Pitching coach Alan Dunn has put the process of getting Hess to be more refined and efficient with his pitches on hold for this week as Mainieri has placed a premium on simply logging as many effective innings as possible.
The Tigers are counting on Hess to set the tone after a first turn through the rotation in which four LSU pitchers allowed 20 runs (19 earned) in just 10.2 innings of work. As a result, LSU has come to bat in the bottom of the first inning trailing in three of the four games so far.
“He wants to prove himself to everybody so badly, and sometimes kids just hold on too tight. I think that’s what happened,” Mainieri said. “Now it’s his second start and he’s going to go out there and be who he is. He’s an emotional pitcher that’s going to cut it loose every pitch. He’s going to be who he is.
“If he gives us three innings, if he gives us five, if he gives us seven, whatever he gives us I’m going to take. I just want them to be quality innings. I’m not going to worry if he throws 25 pitches an inning and doesn’t make the seventh. I just want him to throw a good first inning and we’ll go from there.”

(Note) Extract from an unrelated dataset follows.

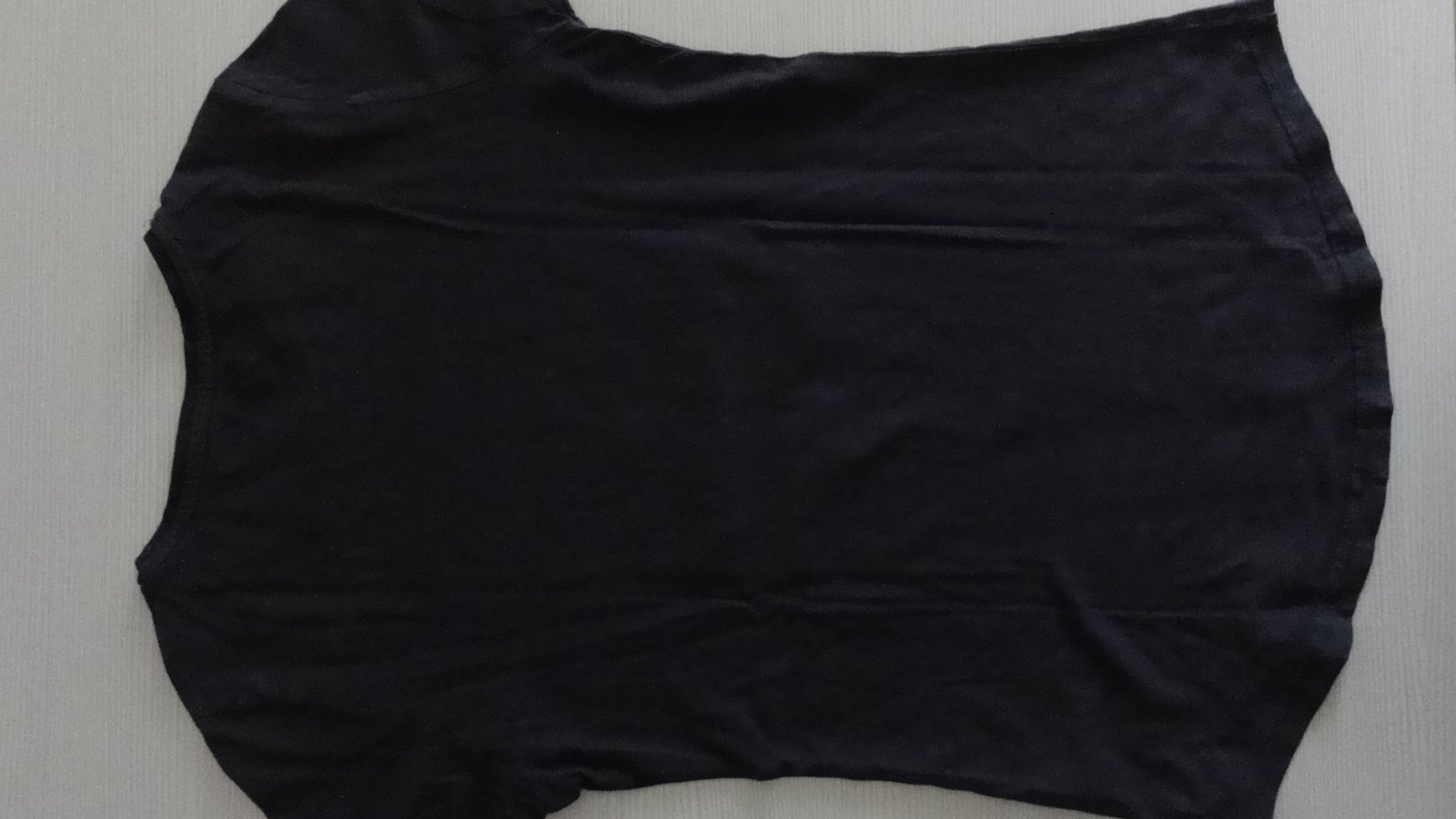 TMAVĚ ŠEDÁ GRAFITOVÁ BARVA - VPŘEDU APLIKACE - RAMENA OTEVŘENÁ - PĚKNĚ TO VYPADÁ. VELMI PŘÍJEMNÝ MATERIÁL 50% BAVLNA A 50% MODAL. NOŠENÉ - BEZ VADY - MOC PĚKNÉ - TROCHU VIDĚT NOŠENÍ NA APLIKACI. ZN...

Considering Texas has pitched to a staff ERA of 1.25 through four games, LSU knows it’s going to have to put up some zeroes on the scoreboard if it’s going to be a winning weekend at the Box.
PITCHING MATCHUPS
Game 1
LSU – So. RHP Zack Hess (0-1, 30.86 ERA, 2.1 IP, 6 BB, 2 SO)
UT – Jr. RHP Nolan Kingham (1-0, 0.00 ERA, 8.0 IP, 1 BB, 10 SO)
Game 2
LSU – Jr. RHP Caleb Gilbert (0-0, 10.38 ERA, 4.1 IP, 0 BB, 2 SO)
UT – Jr. RHP Chase Shugart (0-0, 0.00 ERA, 6.2 IP, 0 BB, 3 SO)
Game 3
LSU – So. RHP Todd Peterson (0-1, 6.75 ERA, 4.0 IP, 4 BB, 2 SO)
UT – So. RHP Blair Henley (0-0, 1.80 ERA, 5.0 IP, 1 BB, 5 SO)
DATES/TIMES
Game 1: Friday, February 23 – 7 p.m. CT
Game 2: Saturday, February 24 – 6:30 p.m. CT
Game 3: Sunday, February 25 – 2 p.m. CT
STADIUM
Alex Box Stadium, Skip Bertman Field in Baton Rouge, La. (10,326)
RANKINGS
LSU – No. 15 by Collegiate Baseball; No. 22 by Baseball America
UT – No. 14 by Baseball America; No. 19 by Collegiate Baseball
RADIO
LSU Sports Radio Network affiliates
Baton Rouge affiliate is WDGL 98.1 FM
Live audio and live stats at www.LSUsports.net
ONLINE
SEC Network+ – the games may be viewed at WatchESPN.com and the Watch ESPN app
SERIES RECORD
Texas leads the all-time series with LSU, 21-10-1, and this weekend’s matchup marks the Longhorns’ first visit to Baton Rouge since 1999, when UT opened the year by winning two of three games over the Tigers. This weekend’s series is the first meeting between the schools since the 2009 College World Series Finals in Omaha, Neb., where LSU won two of three games over the Longhorns to claim the ’09 National Championship. LSU is scheduled to make a return trip in 2019 to Austin for a three-game series. LSU and Texas each have won six College World Series titles, which is the second-highest total in NCAA Division I history and trails only Southern California, which has 12 baseball national championships.